**Exercise requirements:** Reproduce the listing below from the line with "بشرط كونه على" to the line with "Malkin had interviewed", both lines included, character for character, minus any pictures.

**Data records:**
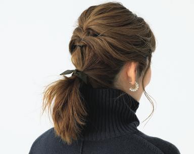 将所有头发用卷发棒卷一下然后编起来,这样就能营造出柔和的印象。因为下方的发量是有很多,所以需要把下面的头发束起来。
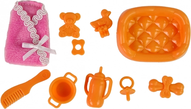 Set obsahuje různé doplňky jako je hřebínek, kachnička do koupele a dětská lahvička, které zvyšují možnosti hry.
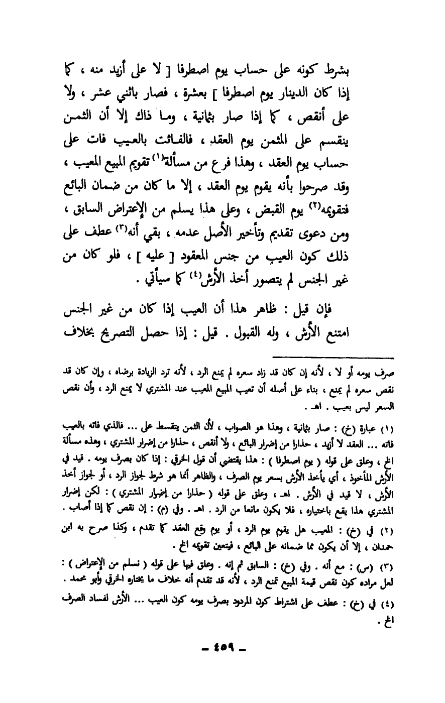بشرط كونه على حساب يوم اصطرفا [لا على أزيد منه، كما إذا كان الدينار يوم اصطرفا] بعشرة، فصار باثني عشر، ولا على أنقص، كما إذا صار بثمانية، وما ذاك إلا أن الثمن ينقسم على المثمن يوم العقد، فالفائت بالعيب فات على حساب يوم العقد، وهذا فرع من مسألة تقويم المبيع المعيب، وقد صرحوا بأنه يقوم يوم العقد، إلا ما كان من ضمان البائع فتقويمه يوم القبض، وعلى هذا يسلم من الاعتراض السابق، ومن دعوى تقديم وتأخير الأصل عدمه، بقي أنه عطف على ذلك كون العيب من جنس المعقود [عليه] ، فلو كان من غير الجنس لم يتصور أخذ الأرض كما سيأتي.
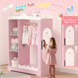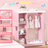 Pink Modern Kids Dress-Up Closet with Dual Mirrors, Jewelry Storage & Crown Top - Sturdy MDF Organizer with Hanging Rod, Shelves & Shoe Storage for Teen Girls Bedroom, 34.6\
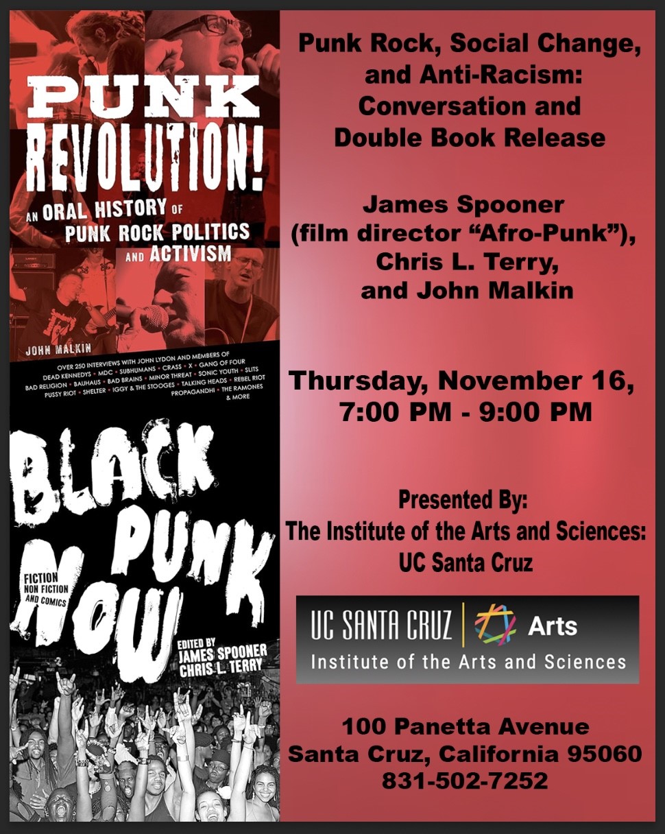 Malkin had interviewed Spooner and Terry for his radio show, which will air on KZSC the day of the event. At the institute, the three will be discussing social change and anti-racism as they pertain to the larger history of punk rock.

==

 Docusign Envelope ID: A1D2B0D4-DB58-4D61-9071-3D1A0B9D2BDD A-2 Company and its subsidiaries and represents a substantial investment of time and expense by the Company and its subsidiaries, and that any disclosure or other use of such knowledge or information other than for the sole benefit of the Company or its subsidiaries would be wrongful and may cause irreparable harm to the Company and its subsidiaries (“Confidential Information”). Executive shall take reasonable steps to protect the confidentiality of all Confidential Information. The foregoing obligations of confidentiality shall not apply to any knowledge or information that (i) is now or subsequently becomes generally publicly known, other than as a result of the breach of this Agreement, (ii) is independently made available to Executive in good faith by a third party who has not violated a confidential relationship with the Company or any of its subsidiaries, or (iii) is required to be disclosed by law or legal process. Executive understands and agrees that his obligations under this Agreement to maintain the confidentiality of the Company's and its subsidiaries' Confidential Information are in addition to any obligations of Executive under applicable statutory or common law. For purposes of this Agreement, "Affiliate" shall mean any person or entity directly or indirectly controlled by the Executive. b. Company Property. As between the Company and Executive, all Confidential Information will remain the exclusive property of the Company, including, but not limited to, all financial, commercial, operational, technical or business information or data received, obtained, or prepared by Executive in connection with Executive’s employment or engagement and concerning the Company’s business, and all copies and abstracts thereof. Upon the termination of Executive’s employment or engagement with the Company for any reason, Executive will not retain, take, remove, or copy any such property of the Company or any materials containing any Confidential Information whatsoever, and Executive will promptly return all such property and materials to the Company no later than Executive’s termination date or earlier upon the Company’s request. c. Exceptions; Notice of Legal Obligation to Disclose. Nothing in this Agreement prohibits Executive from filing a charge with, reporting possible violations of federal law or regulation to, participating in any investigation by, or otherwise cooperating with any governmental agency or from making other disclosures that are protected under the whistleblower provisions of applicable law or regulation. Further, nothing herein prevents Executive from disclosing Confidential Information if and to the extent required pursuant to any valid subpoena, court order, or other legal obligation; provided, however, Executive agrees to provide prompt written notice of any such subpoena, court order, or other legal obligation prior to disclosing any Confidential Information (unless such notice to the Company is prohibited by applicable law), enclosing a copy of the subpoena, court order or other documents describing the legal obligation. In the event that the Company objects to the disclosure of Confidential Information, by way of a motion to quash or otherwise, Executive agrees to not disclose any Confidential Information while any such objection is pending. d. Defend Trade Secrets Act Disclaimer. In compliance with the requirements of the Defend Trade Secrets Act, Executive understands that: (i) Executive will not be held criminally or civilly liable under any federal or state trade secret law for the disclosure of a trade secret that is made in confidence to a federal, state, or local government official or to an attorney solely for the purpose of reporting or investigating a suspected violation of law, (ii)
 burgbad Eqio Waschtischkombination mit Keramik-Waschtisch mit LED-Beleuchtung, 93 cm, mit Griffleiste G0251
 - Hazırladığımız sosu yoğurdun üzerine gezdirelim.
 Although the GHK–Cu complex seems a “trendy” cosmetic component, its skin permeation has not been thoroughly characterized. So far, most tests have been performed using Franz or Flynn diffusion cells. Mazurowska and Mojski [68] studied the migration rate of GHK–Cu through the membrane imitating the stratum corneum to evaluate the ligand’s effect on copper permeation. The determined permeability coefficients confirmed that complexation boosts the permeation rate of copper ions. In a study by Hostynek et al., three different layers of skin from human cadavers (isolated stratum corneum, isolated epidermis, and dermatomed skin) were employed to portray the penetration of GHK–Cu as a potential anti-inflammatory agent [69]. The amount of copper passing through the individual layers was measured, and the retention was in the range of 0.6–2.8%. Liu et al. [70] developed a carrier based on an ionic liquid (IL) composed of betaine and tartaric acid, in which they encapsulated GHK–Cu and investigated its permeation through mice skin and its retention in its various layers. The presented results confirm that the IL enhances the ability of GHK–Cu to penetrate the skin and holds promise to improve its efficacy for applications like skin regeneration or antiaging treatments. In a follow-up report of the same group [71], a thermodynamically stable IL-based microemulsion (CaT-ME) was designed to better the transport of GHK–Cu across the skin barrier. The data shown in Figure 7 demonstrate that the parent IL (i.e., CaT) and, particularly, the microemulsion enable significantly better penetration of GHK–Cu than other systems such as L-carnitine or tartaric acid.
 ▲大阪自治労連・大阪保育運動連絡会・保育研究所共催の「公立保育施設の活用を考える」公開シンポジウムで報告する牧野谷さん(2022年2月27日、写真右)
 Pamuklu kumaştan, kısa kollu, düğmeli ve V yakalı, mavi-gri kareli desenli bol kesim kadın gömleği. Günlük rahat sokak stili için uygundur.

**Your response:**
بشرط كونه على حساب يوم اصطرفا [لا على أزيد منه، كما إذا كان الدينار يوم اصطرفا] بعشرة، فصار باثني عشر، ولا على أنقص، كما إذا صار بثمانية، وما ذاك إلا أن الثمن ينقسم على المثمن يوم العقد، فالفائت بالعيب فات على حساب يوم العقد، وهذا فرع من مسألة تقويم المبيع المعيب، وقد صرحوا بأنه يقوم يوم العقد، إلا ما كان من ضمان البائع فتقويمه يوم القبض، وعلى هذا يسلم من الاعتراض السابق، ومن دعوى تقديم وتأخير الأصل عدمه، بقي أنه عطف على ذلك كون العيب من جنس المعقود [عليه] ، فلو كان من غير الجنس لم يتصور أخذ الأرض كما سيأتي.
 Pink Modern Kids Dress-Up Closet with Dual Mirrors, Jewelry Storage & Crown Top - Sturdy MDF Organizer with Hanging Rod, Shelves & Shoe Storage for Teen Girls Bedroom, 34.6\
 Malkin had interviewed Spooner and Terry for his radio show, which will air on KZSC the day of the event. At the institute, the three will be discussing social change and anti-racism as they pertain to the larger history of punk rock.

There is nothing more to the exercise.